### [What the task asks]
From the material below, retype exactly the lines that begin at the line with "天樾四季城地处秋石中轴与运河" and end after the line with "Beach towel with"; pictures stay out of the copy.

### [Exercise material]
╔══

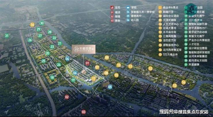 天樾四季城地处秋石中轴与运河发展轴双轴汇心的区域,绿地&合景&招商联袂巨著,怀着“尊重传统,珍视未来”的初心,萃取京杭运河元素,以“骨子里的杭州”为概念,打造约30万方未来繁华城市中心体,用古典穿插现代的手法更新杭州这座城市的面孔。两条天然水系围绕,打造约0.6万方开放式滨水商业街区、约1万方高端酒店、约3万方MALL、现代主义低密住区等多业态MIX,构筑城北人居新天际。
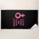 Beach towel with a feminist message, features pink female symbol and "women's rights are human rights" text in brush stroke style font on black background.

╚══
╔══

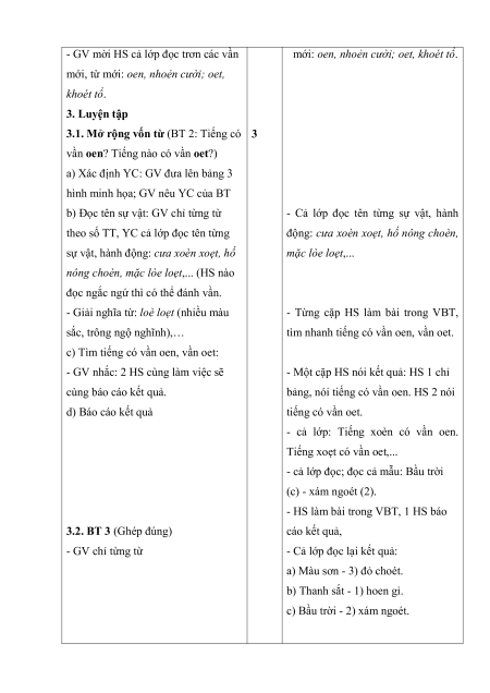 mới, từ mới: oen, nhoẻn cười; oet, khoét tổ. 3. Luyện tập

╚══

### [Output for this task]
 天樾四季城地处秋石中轴与运河发展轴双轴汇心的区域,绿地&合景&招商联袂巨著,怀着“尊重传统,珍视未来”的初心,萃取京杭运河元素,以“骨子里的杭州”为概念,打造约30万方未来繁华城市中心体,用古典穿插现代的手法更新杭州这座城市的面孔。两条天然水系围绕,打造约0.6万方开放式滨水商业街区、约1万方高端酒店、约3万方MALL、现代主义低密住区等多业态MIX,构筑城北人居新天际。
 Beach towel with a feminist message, features pink female symbol and "women's rights are human rights" text in brush stroke style font on black background.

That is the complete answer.